> [Exercise]
In the records below, find the line with "昨日できたばかりのテントに今" and repeat exactly every line from it through the line with "4. 공통 범위 선택". Pictures stay out.

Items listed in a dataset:

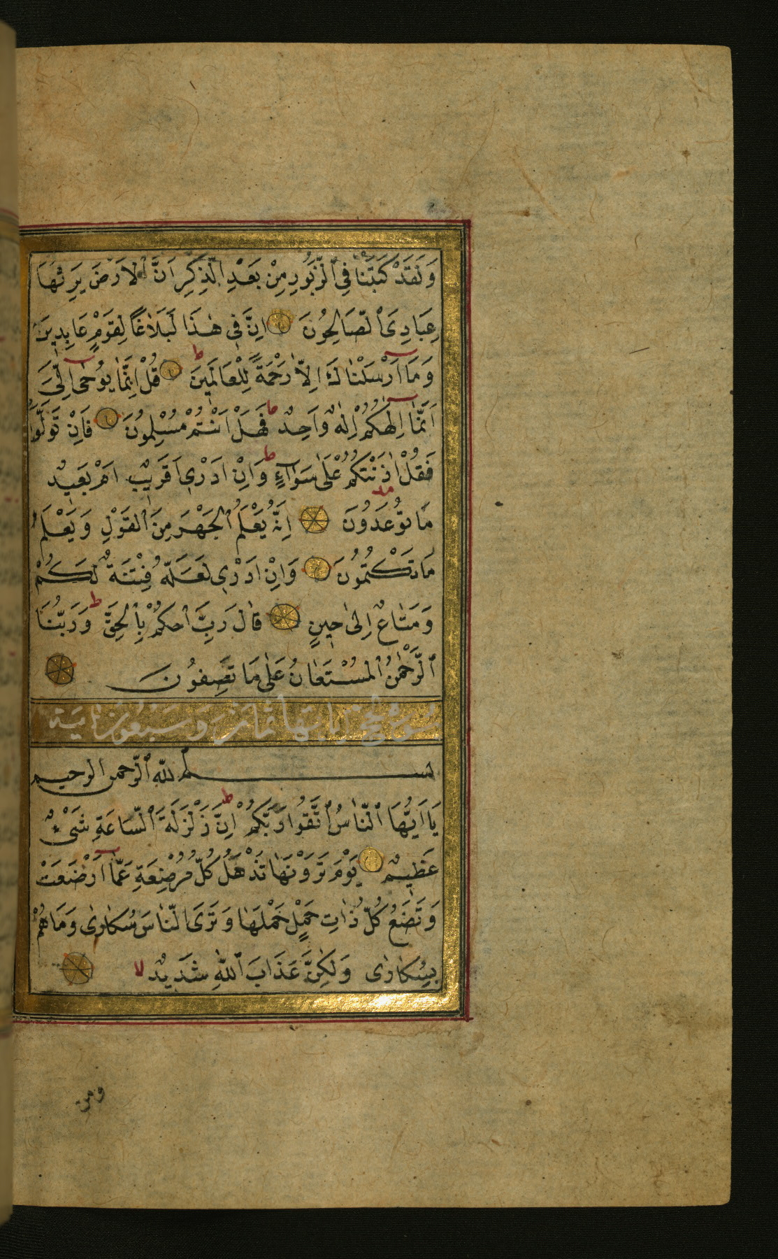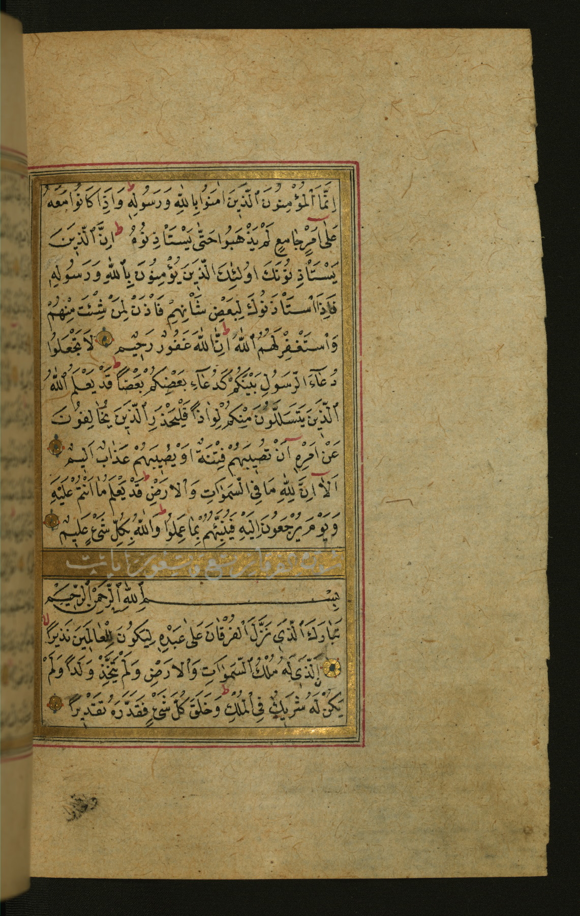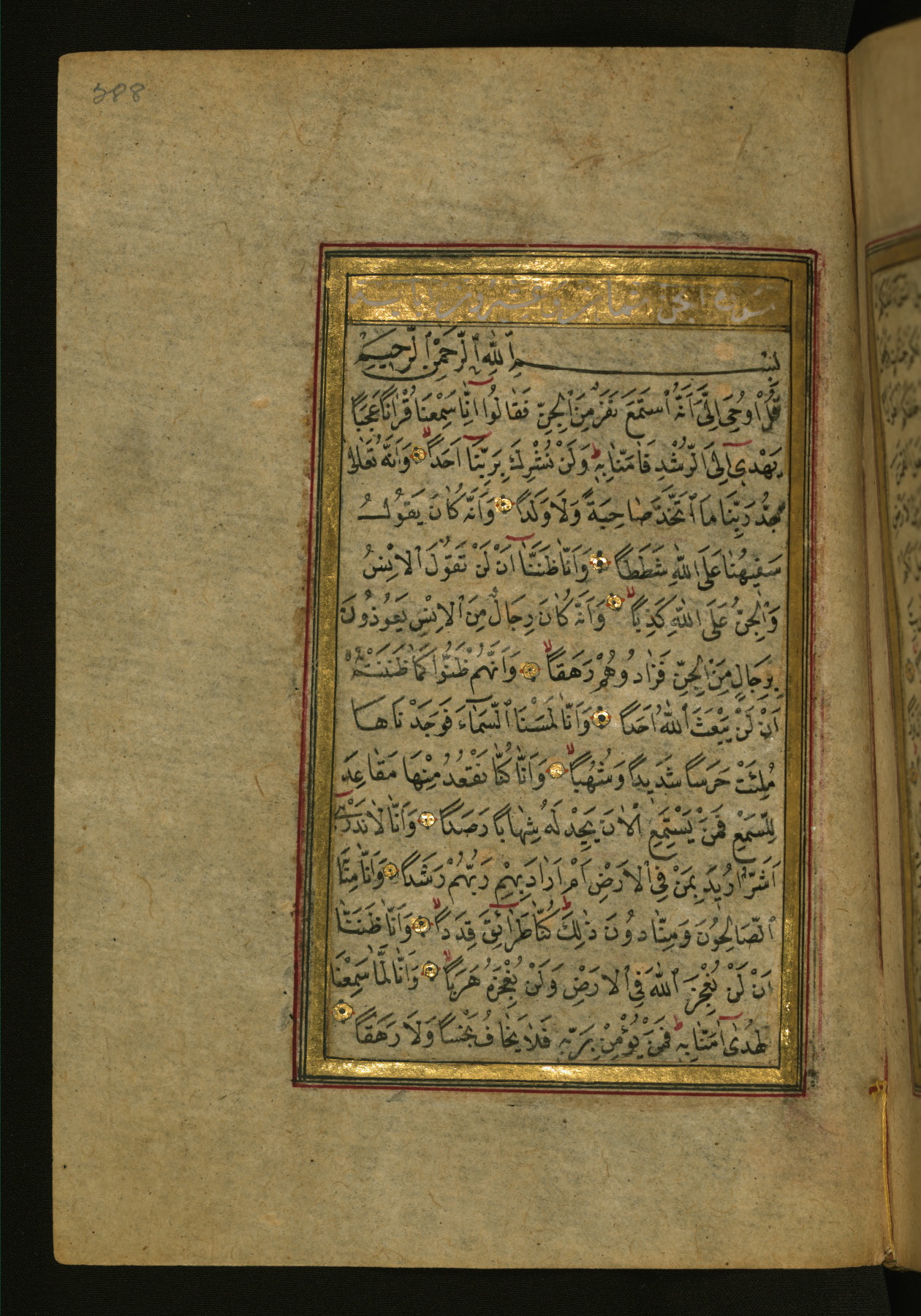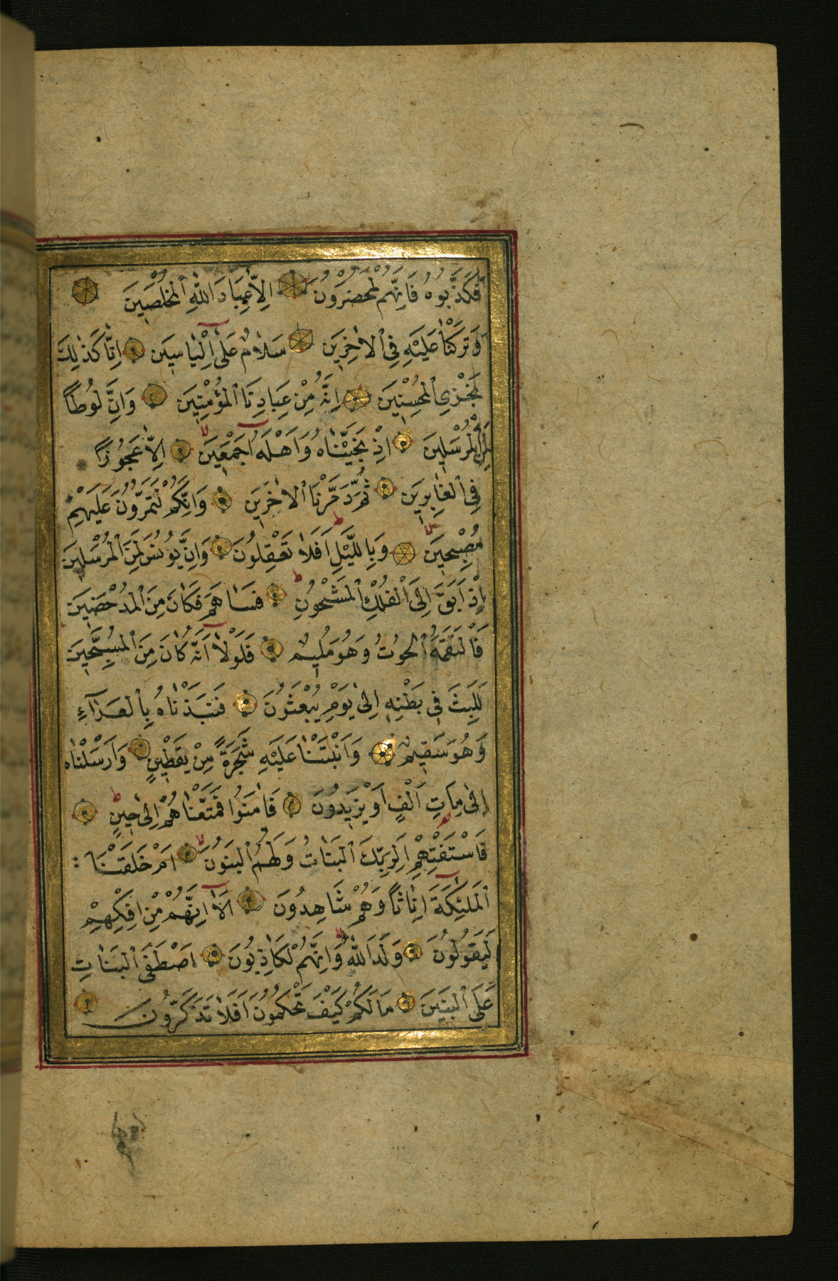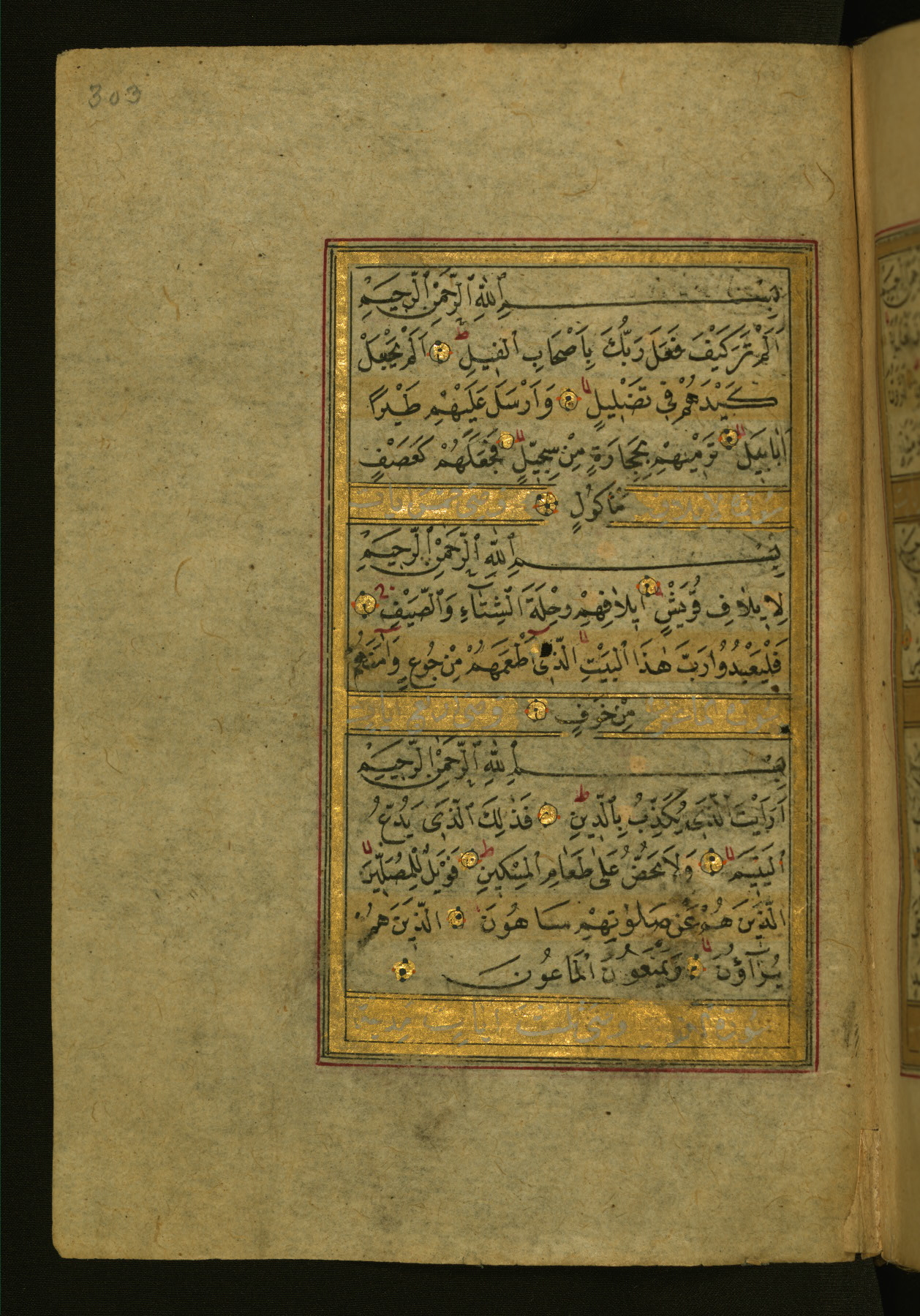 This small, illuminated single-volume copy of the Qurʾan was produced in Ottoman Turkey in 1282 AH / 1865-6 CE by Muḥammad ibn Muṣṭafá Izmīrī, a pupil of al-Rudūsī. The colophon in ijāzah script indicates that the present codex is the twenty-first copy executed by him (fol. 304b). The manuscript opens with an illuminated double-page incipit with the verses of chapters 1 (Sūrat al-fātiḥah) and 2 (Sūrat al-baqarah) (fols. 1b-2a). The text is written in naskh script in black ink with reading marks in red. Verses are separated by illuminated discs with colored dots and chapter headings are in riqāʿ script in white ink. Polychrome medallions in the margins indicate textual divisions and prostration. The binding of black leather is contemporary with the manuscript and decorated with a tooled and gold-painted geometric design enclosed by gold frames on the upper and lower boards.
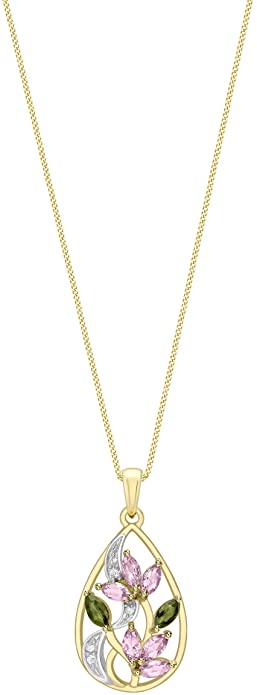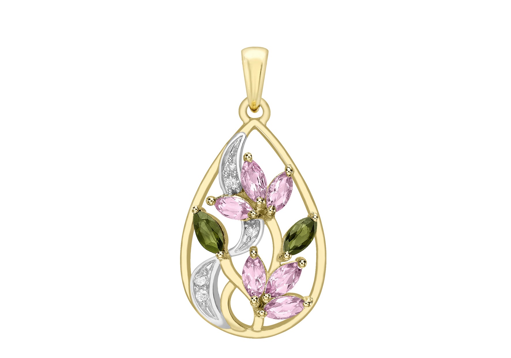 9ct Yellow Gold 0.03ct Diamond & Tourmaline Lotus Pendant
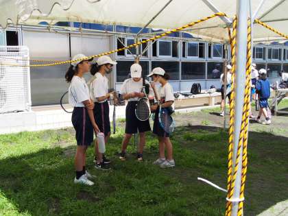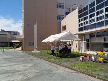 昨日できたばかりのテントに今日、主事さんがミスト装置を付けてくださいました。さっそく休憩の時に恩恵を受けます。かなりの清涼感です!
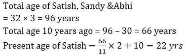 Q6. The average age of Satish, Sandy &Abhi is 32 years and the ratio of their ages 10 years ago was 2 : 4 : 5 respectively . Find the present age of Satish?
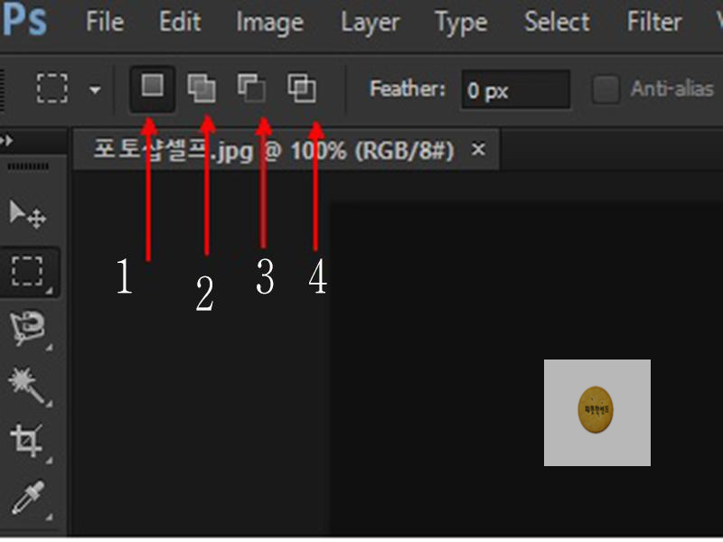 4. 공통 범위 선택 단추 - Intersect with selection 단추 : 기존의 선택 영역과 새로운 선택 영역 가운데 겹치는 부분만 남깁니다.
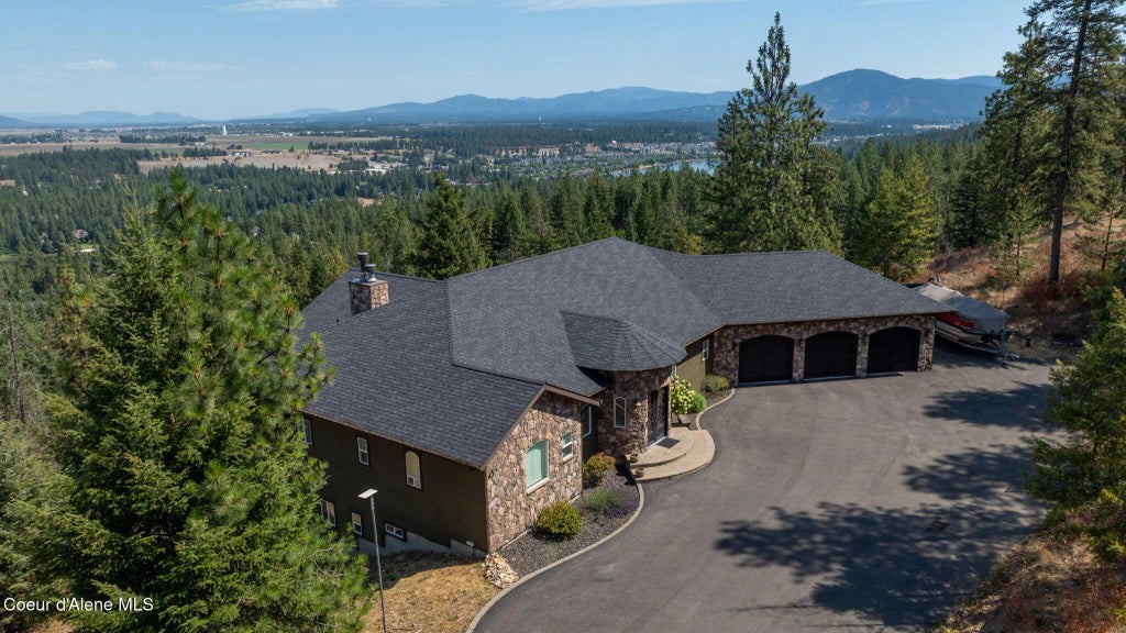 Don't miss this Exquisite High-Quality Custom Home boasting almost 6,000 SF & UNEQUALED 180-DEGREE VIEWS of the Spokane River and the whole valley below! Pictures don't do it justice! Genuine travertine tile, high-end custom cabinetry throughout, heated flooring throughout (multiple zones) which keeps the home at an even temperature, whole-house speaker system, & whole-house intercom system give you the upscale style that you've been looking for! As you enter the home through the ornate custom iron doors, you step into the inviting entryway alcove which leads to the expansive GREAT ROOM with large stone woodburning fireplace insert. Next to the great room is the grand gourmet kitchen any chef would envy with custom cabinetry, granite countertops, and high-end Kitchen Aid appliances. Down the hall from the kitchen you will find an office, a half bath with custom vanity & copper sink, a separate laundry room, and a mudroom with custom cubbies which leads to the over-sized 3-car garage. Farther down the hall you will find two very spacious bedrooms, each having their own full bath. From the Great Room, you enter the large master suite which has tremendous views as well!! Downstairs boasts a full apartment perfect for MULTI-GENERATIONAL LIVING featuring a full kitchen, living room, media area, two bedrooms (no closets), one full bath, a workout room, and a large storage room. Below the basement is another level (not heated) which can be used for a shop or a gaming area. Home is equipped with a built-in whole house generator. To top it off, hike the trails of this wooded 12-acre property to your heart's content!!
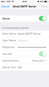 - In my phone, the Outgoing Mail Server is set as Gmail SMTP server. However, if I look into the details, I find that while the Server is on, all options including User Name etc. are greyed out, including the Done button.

> [Solution for this problem]
 昨日できたばかりのテントに今日、主事さんがミスト装置を付けてくださいました。さっそく休憩の時に恩恵を受けます。かなりの清涼感です!
 Q6. The average age of Satish, Sandy &Abhi is 32 years and the ratio of their ages 10 years ago was 2 : 4 : 5 respectively . Find the present age of Satish?
 4. 공통 범위 선택 단추 - Intersect with selection 단추 : 기존의 선택 영역과 새로운 선택 영역 가운데 겹치는 부분만 남깁니다.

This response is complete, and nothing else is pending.